Ramón estaba quieto. Siempre fue un bicho calculador. Frío y calculador.

“La guita fácil te agiló, Ramoncito. Por eso te secuestramos tan fácil. Hace unos años nos hubieses reventado a tiros, nadie se te podía acercar, pero ahora estás agilado. Sos un gil, vos te olvidaste de quién fuiste y te la creíste. Te creíste tus últimos cinco años, que te la pasaste de puticlub en puticlub con putas caras y sábanas de seda. Te agilaste fácil porque nunca sufriste la escuela de Olmos. Vos no sabés lo que es la tumba y mucho menos sabés lo que es salir de ahí y llegar a tu casa. Los que pasamos años encerrados valoramos la libertad. ¿Sabés lo que hice la última vez que salí de Olmos?”
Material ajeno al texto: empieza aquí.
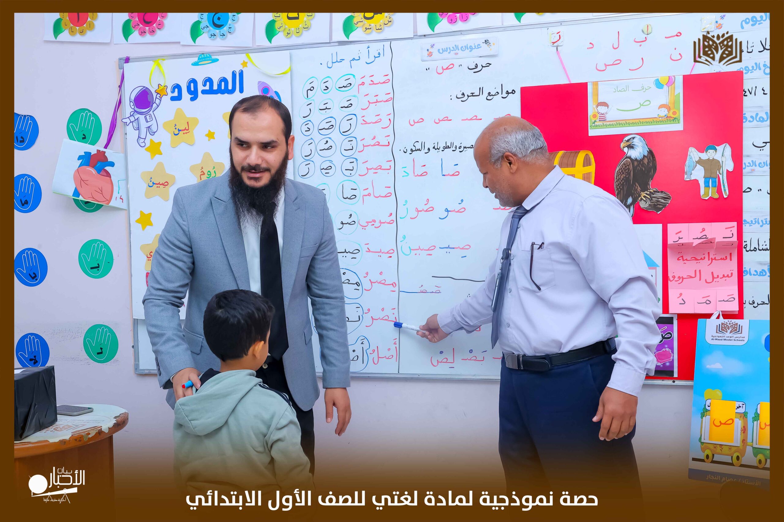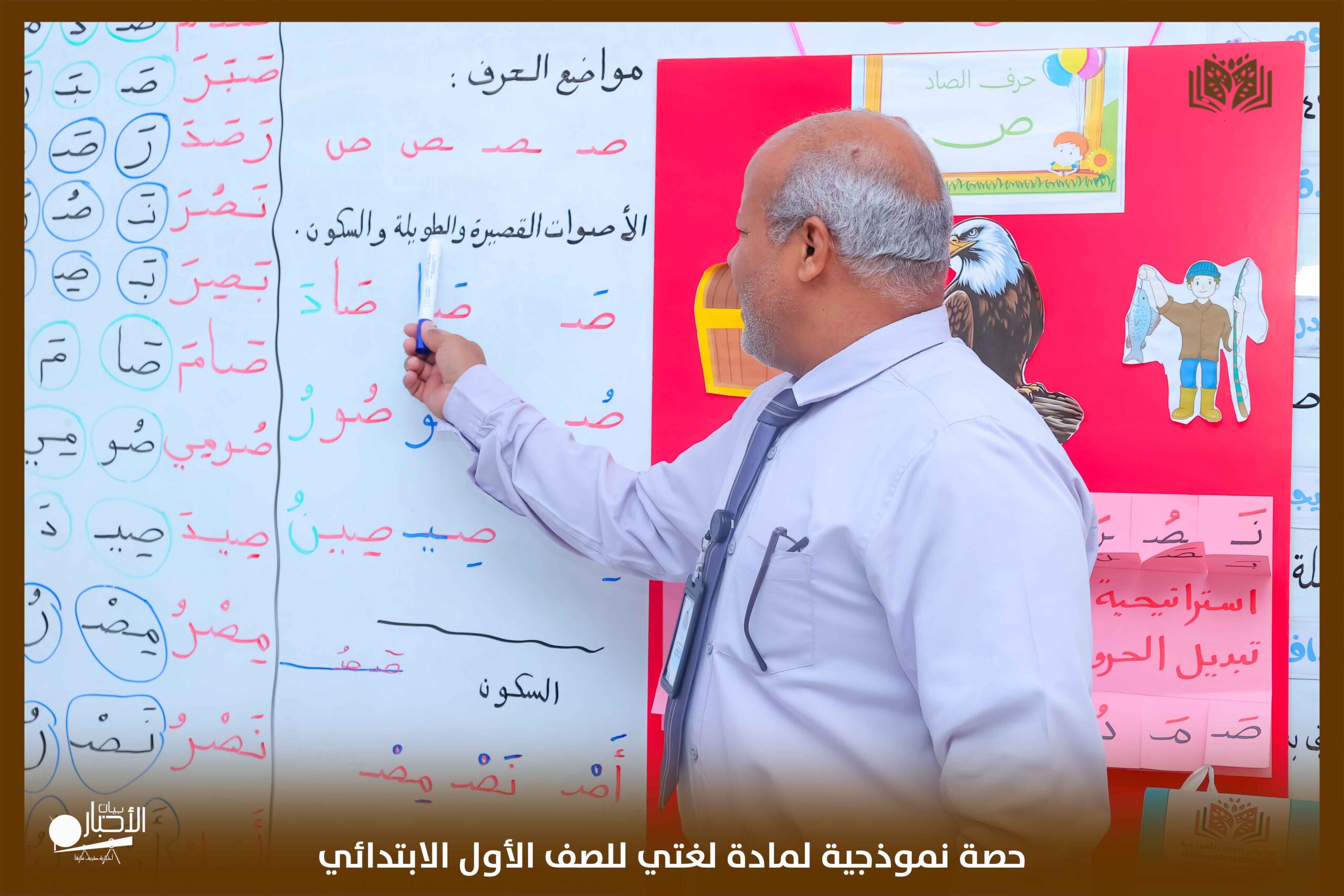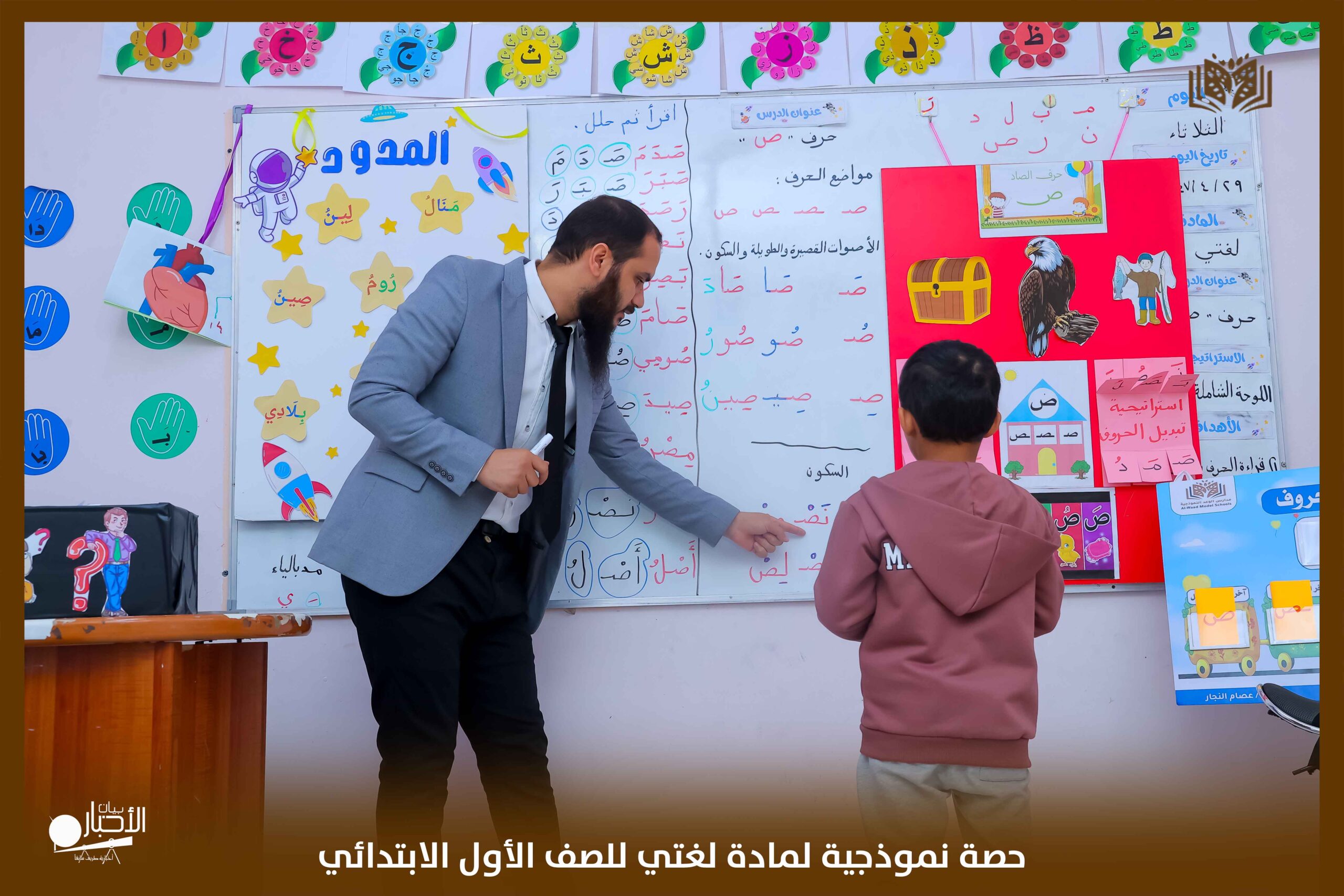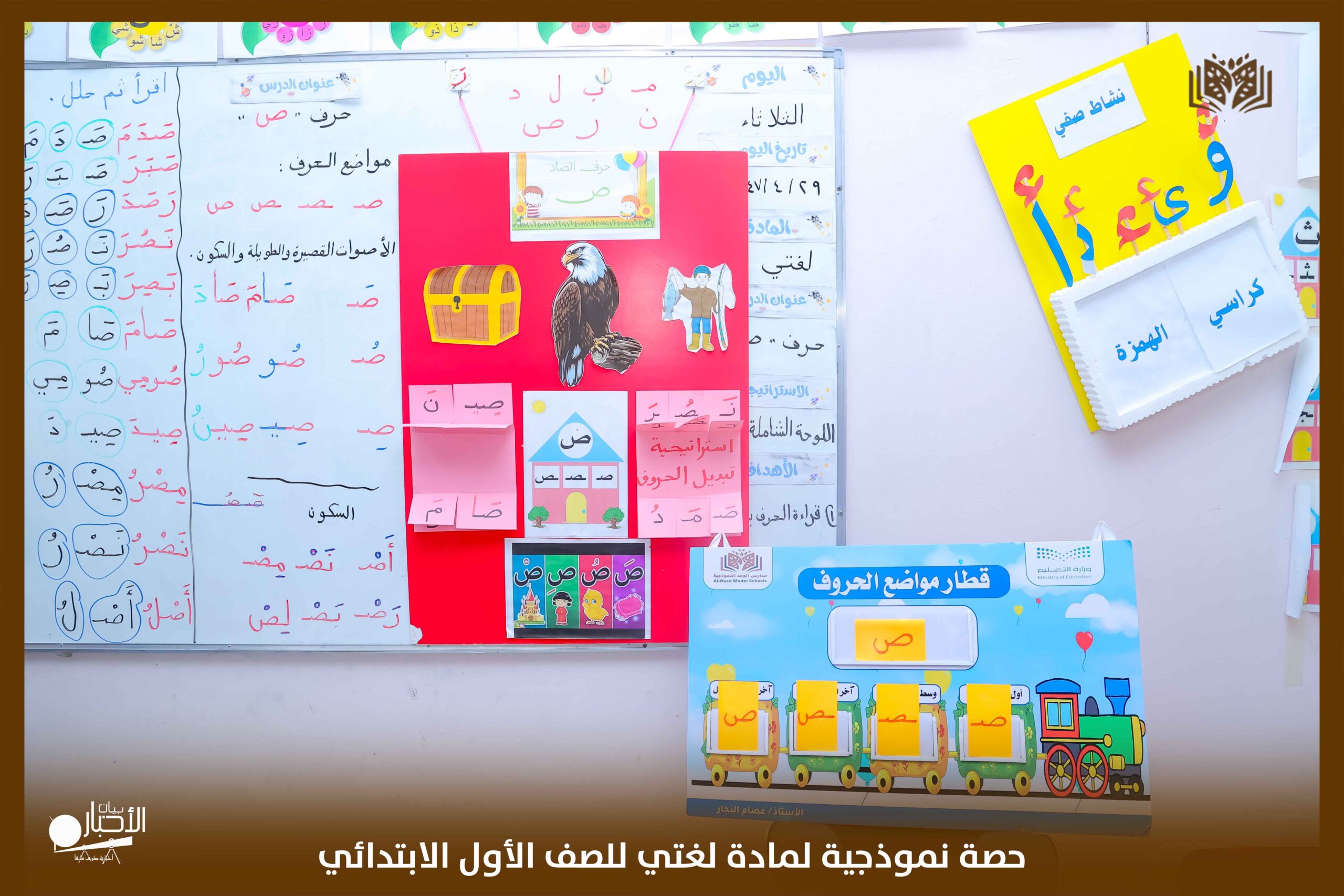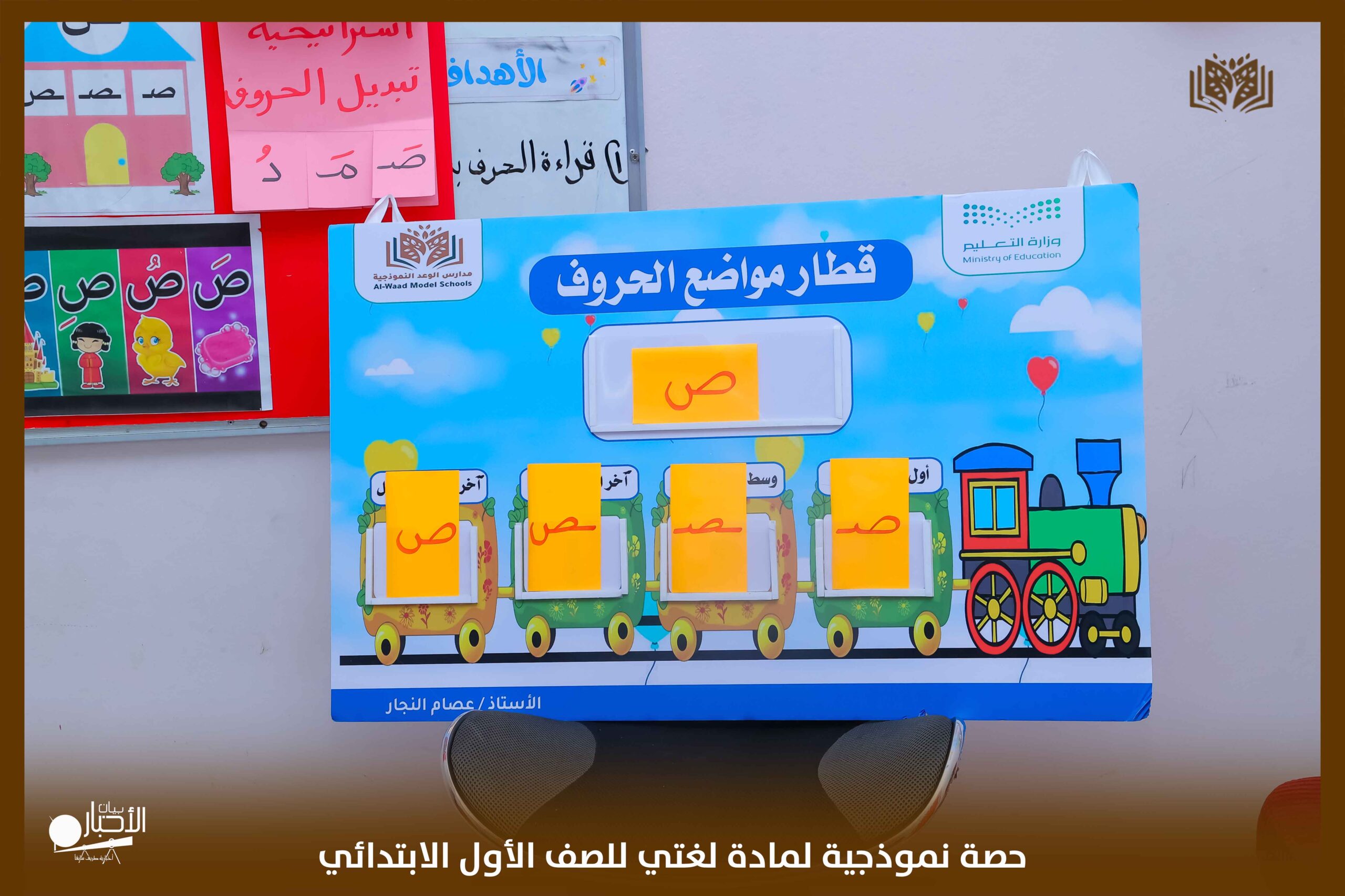 أقامت مدارس الوعد النموذجية حصة نموذجية لمادة لغتي للصف الأول الابتدائي لدرس بعنوان ( حرف الصاد بمهاراته المقررة) حيث استخدم المعلم استراتيجيات التعلم في التدريس ومنها ( التعلم النشط – العصف الذهني – التعلم التعاوني ) حيث تفاعل الطلاب مع المعلم أثناء الدرس تفاعلًا رائعًا وذلك باستخدام وسائل تعليمية متنوعة واللوحات الشاملة ولوحات التعزيز ٠

Al Kevin le empezaron a brillar los ojos.

“Te cuento. Me esperó el Chori subido a alta nave. Me llevó a una parrillita cheta de Lanús y me quiso regalar el postre en un puticlub copado de Adrogué. Adrogué, Ramóncito, ¿te imaginás a dos negros como nosotros paseando en el conchetaje de Adrogué? ¿Sabés lo que le dije? Le dije que ni en pedo. Le dije que me llevara al departamentito donde nos guardábamos. Le dije que quería dormir con sábanas sin chinches ni cucarachas. Eso le pedí y eso hizo el Chori. Me llevó, entré y encontré el departamentito re cheto, como sabía que me lo iba a dejar el Chori. Encontré una king size con sábanas perfumaditas, Ramón. Me bañé en un baño que no tuve que compartir con nadie. Me tiré y dormí quince horas de corrido, Ramón. No me quería levantar más, sabés. Pero al otro día quise volver a dormir así de lindo y no pude, no pude porque a mitad de la noche busqué la faca debajo de la almohada y no la encontré. Entré en pánico. ¿Podía dormir sin faca debajo de la almohada? Al ratito me di cuenta de que estaba en una casa re piola y que la faca no la necesitaba. Pero durante cuatro meses me levantaba todo transpirado a las tres de la mañana buscando la faca. ¿Sabés cómo solucioné ese bondi? No fue yendo al psicólogo, Ramón. Agarré una cuchilla grande y afilada y la puse en la cabecera de la cama, entre el colchón y la madera, ahí nomás de mi mano. Hasta el día de hoy duermo con una faca grosa y pulida, Ramón.”